(RECORD EXCERPTS)

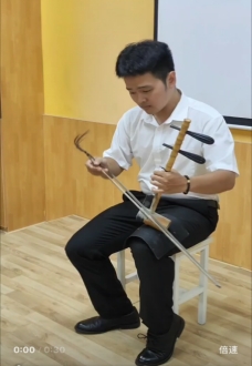 京胡《京郊行》,演奏者以娴熟精湛的演奏技巧,带动一位现场聆听的小男孩,不自觉的随着乐曲的高潮,脸上流露出充满笑意的表情。
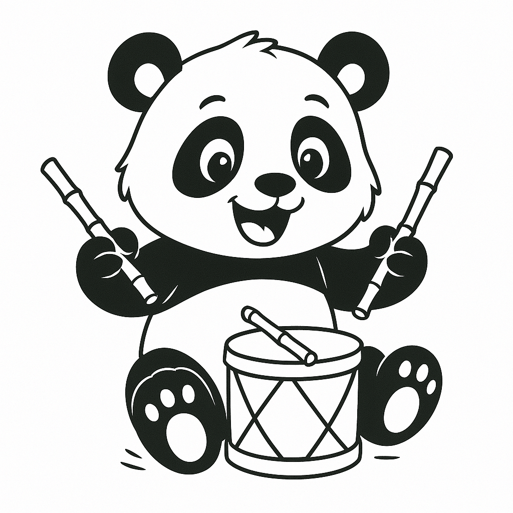 Ein musikalischer Panda, der mit Bambusstöcken Schlagzeug spielt – perfekt für kleine Musikfans.
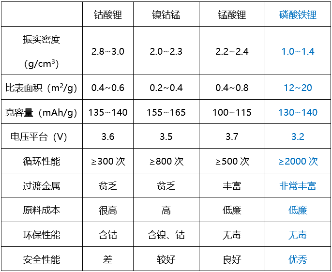 幾種正極材料比較
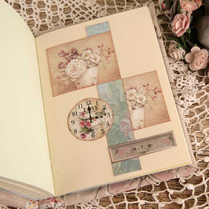 Странички - коллажные из красивой бумаги пастельных тонов.
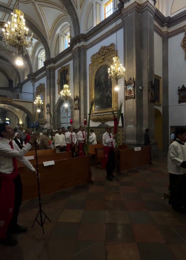 procession inside a grand church. The church features high vaulted ceilings adorned with ornate chandeliers. The walls are lined with large, framed paintings and detailed architectural elements. Several people wearing white shirts and red sashes stand along the sides, holding palm fronds. They appear to be part of a religious ceremony or celebration. A person at the left is holding a microphone attached to a tripod. Other people in black robes are walking down the aisle. The floor is covered with a tiled pattern.
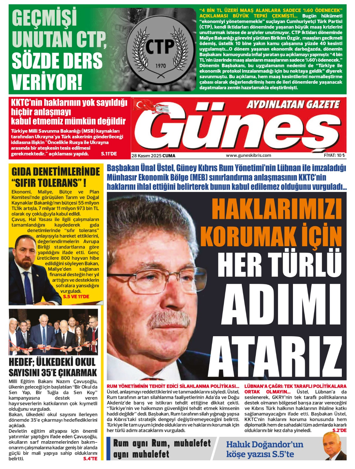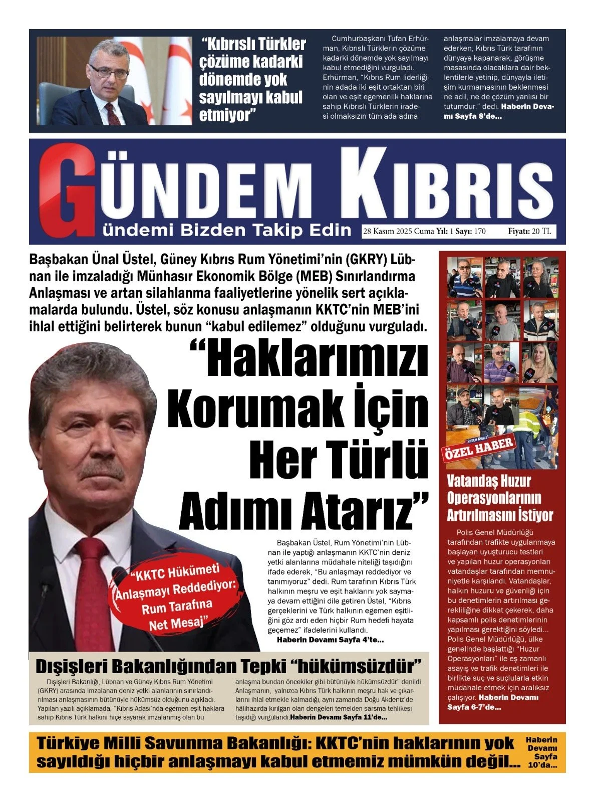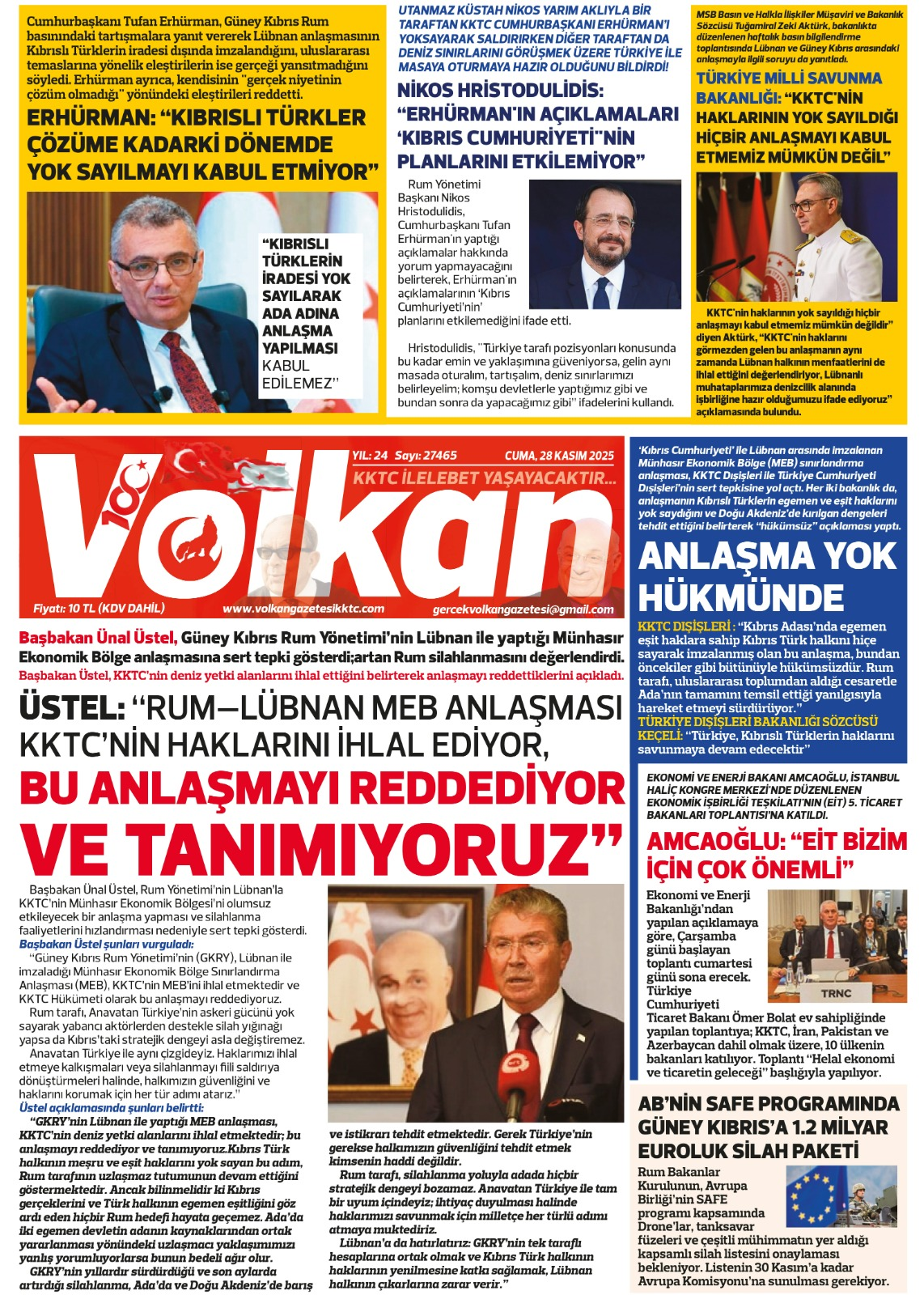 28 Kasım 2025 Cuma KKTC Gazete Manşetleri

(End RECORD EXCERPTS)

_EXERCISE INSTRUCTIONS_
Beginning with the line that includes "Ein musikalischer Panda, der" and ending with the last line of the material, reproduce those lines exactly and nothing else, with no pictures.

_RESULT FOR THIS TASK_
 Ein musikalischer Panda, der mit Bambusstöcken Schlagzeug spielt – perfekt für kleine Musikfans.
 幾種正極材料比較
 Странички - коллажные из красивой бумаги пастельных тонов.
 procession inside a grand church. The church features high vaulted ceilings adorned with ornate chandeliers. The walls are lined with large, framed paintings and detailed architectural elements. Several people wearing white shirts and red sashes stand along the sides, holding palm fronds. They appear to be part of a religious ceremony or celebration. A person at the left is holding a microphone attached to a tripod. Other people in black robes are walking down the aisle. The floor is covered with a tiled pattern.
 28 Kasım 2025 Cuma KKTC Gazete Manşetleri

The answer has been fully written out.